Triage in the Editing Room
Written By: John Rosenberg – Originally Published MAR• 19•12
The other day I was asked to speak at the Los Angeles Post Production Group, an organization of dedicated production and post-production professionals run by two Wendy and Woody Woodhall. The topic was “Triage in the Editing Room.” I had a list of basic emergency procedures that can be employed to diagnose and treat an ailing movie. I expected to go down the list illuminating each topic and giving examples. But the discussion took a turn of its own and developed organically in other directions as well.
To begin the presentation I asked the audience what they felt were the most important aspects that one needed to deal with when putting a film together. Most agreed that supporting the story was the most important part, with character, structure and tone close behind. Now generally I agree with the story answer since storytelling is what we’re all about, but unexpectedly another response shot into my mind. “What about pace and rhythm?”
It struck me that editors have propriety over that one realm that no one else can touch. I’ve discussed this in my book The Healthy Edit, but it occurred to me that most films that I was involved in re-cutting already had the story pretty well worked out. They did start with a script, after all, and even if the script had flaws it was basically not going to change too much – though there have been exceptions! In many cases it may have been necessary to re-structure things a bit, move a few shots and scenes around, but time and again what it often came down to was fixing the film’s pacing. Some movies are cut too fast that the emotion is lost or they become confusing. Others are too plodding and drawn out.

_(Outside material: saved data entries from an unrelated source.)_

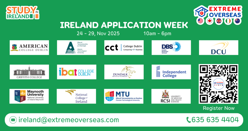 We are pleased to extend an invitation to you for our IRELAND Application Week, scheduled for the 24th to 29th November, 2025. This event will offer services including early admission, guidance on educational loans, accommodation planning, scholarships, and cooperative education programs for students. Our experienced counsellors are prepared to provide personalized guidance on studying in IRELAND. Kindly ensure you seize this opportunity to expedite your admission process.
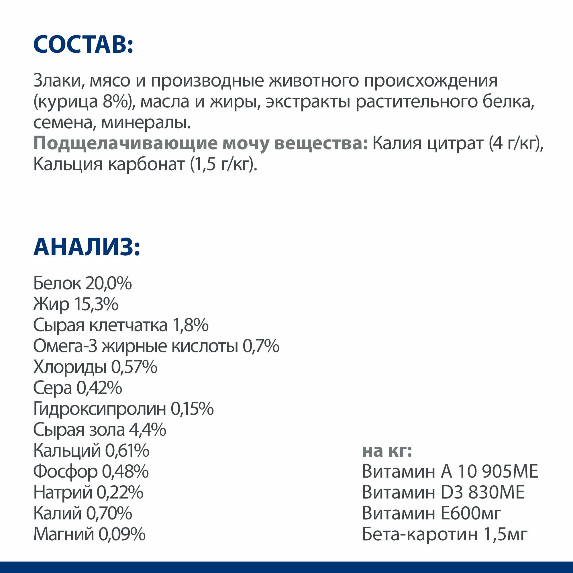 | Состав | злаки, мясо и производные животного происхождения, масла и жиры, экстракты растительного белка, семена, минералы, производные растительного происхождения: подкисляющие мочу вещества: сульфат кальция, калия хлорид, хлорид холина. цитрат калия: 4г/кг. Источники протеина: мука из курицы и индейки, мука из кукурузного глютена. |
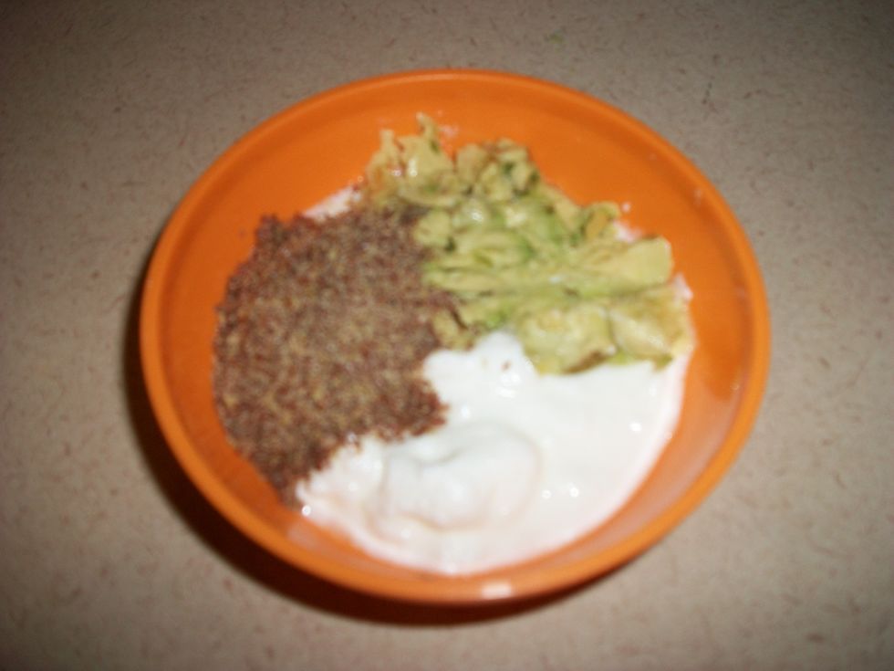 1/4 cup mashed avocado, I mash with a fork
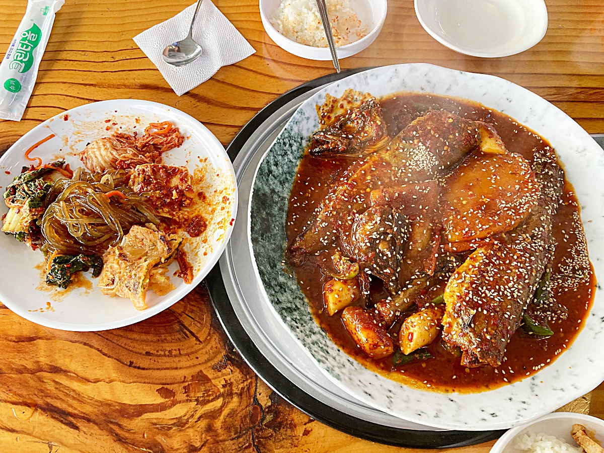 매콤하면서 달콤한 명태조림은 부드럽게 잘 익은 무가 양념이 잘 배어 있고, 명태는 말린 것을 사용해 쫄깃함이 배가 된다. 뼈를 발라내기도 쉬운 편인데, 속살까지 양념이 잘 배어 있고, 양념이 맛있어 밥을 비벼먹기만 해도 정말 맛있다. 한사람당 한마리씩 나오기 때문에 양도 넉넉하다. 가격까지 생각하면 정말 혜자스러운 로컬 맛집이다. 또 가야지.

What the editor can do, which no one else can (I’m including the director with the editor at this stage, since they’re often working together to re-shape things) is alter the pace and rhythm. But what is pace and rhythm? Certainly a concept which I found elusive for many years, not only elusive but secondary. I generally found myself concentrating on the story. But pace and rhythm are directly affected by the Editing Triangle, selection – length – juxtaposition. Pace is influenced by the length of shots and the action within those shots while rhythm (or pattern) comes from the juxtaposition of shots. Paying attention to these aspects becomes highly beneficial to the film’s outcome.